Exercise description =>
Your answer must be the data repeated exactly, with no pictures in it.

Information supplied =>
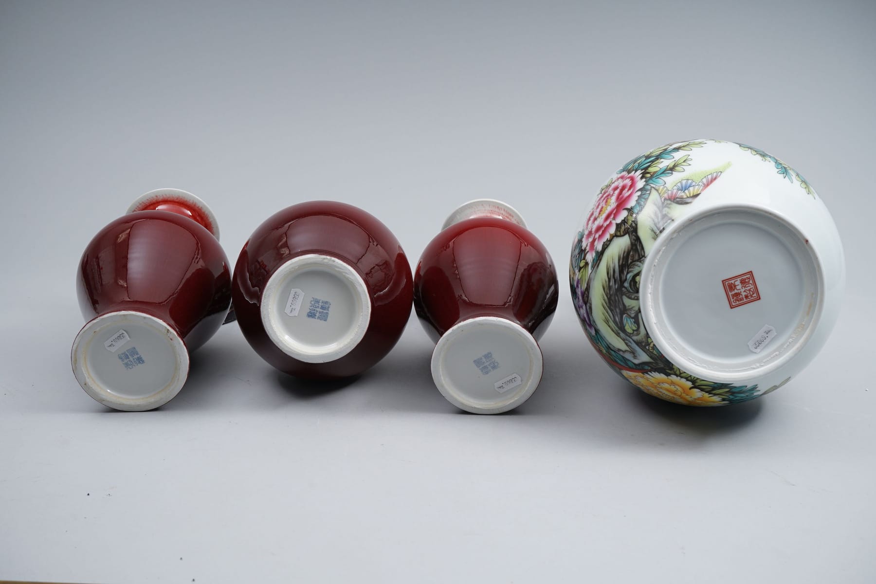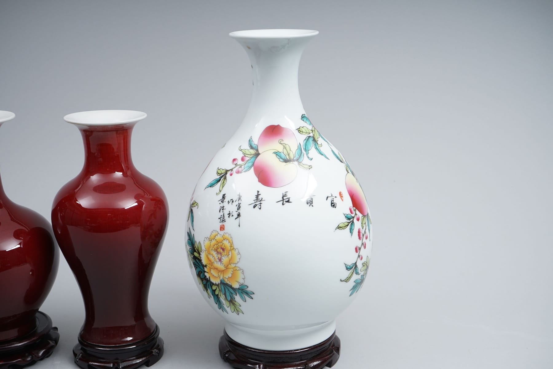 Bilder 4 kpl Kiinalaisia keramiikkamaljakoita puujalustoilla
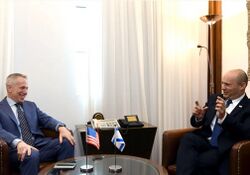 رئيس الوزراء الإسرائيلي نفتالي بنت يلتقي "السفير الأمريكي المؤقت لدى إسرائيل" مايكل راتني، في القدس، 30 يونيو 2021.[2] |
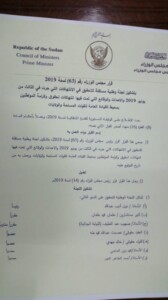 أصدر رئيس الوزراء عبدالله حمدوك قرار رقم (63) لسنة 2019 خاص بتشكيل لجنة وطنية مستقلة للتحقيق في أحداث فض الاعتصام أمام القيادة العامة.

Result of this exercise =>
 Bilder 4 kpl Kiinalaisia keramiikkamaljakoita puujalustoilla
 رئيس الوزراء الإسرائيلي نفتالي بنت يلتقي "السفير الأمريكي المؤقت لدى إسرائيل" مايكل راتني، في القدس، 30 يونيو 2021.[2] |
 أصدر رئيس الوزراء عبدالله حمدوك قرار رقم (63) لسنة 2019 خاص بتشكيل لجنة وطنية مستقلة للتحقيق في أحداث فض الاعتصام أمام القيادة العامة.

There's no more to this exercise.